Each line of the material below is to be written out exactly. Leave out any picture.

• Stored data:

Start of Block

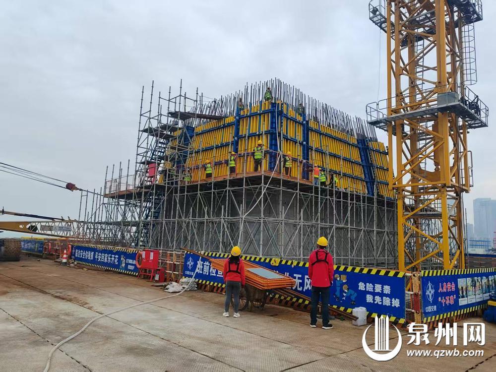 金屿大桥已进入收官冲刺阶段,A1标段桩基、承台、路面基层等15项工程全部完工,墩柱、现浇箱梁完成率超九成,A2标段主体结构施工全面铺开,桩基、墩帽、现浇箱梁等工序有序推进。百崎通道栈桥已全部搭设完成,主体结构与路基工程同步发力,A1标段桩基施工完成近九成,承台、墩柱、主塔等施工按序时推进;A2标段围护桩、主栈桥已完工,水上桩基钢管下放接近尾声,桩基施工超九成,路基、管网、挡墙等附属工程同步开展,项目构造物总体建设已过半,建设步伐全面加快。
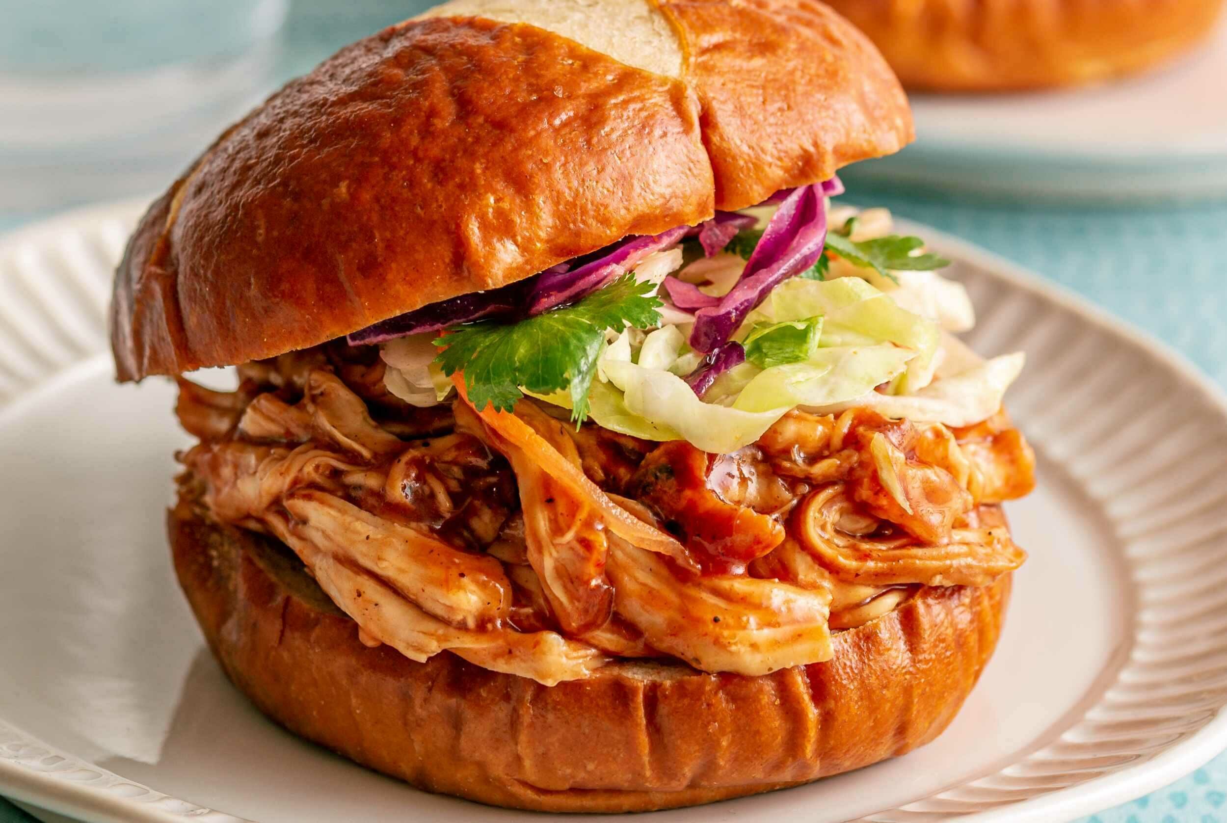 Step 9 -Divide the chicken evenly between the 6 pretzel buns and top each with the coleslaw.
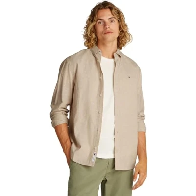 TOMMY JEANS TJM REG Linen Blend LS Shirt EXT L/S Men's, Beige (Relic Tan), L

End of Block

• Completed task:
 金屿大桥已进入收官冲刺阶段,A1标段桩基、承台、路面基层等15项工程全部完工,墩柱、现浇箱梁完成率超九成,A2标段主体结构施工全面铺开,桩基、墩帽、现浇箱梁等工序有序推进。百崎通道栈桥已全部搭设完成,主体结构与路基工程同步发力,A1标段桩基施工完成近九成,承台、墩柱、主塔等施工按序时推进;A2标段围护桩、主栈桥已完工,水上桩基钢管下放接近尾声,桩基施工超九成,路基、管网、挡墙等附属工程同步开展,项目构造物总体建设已过半,建设步伐全面加快。
 Step 9 -Divide the chicken evenly between the 6 pretzel buns and top each with the coleslaw.
 TOMMY JEANS TJM REG Linen Blend LS Shirt EXT L/S Men's, Beige (Relic Tan), L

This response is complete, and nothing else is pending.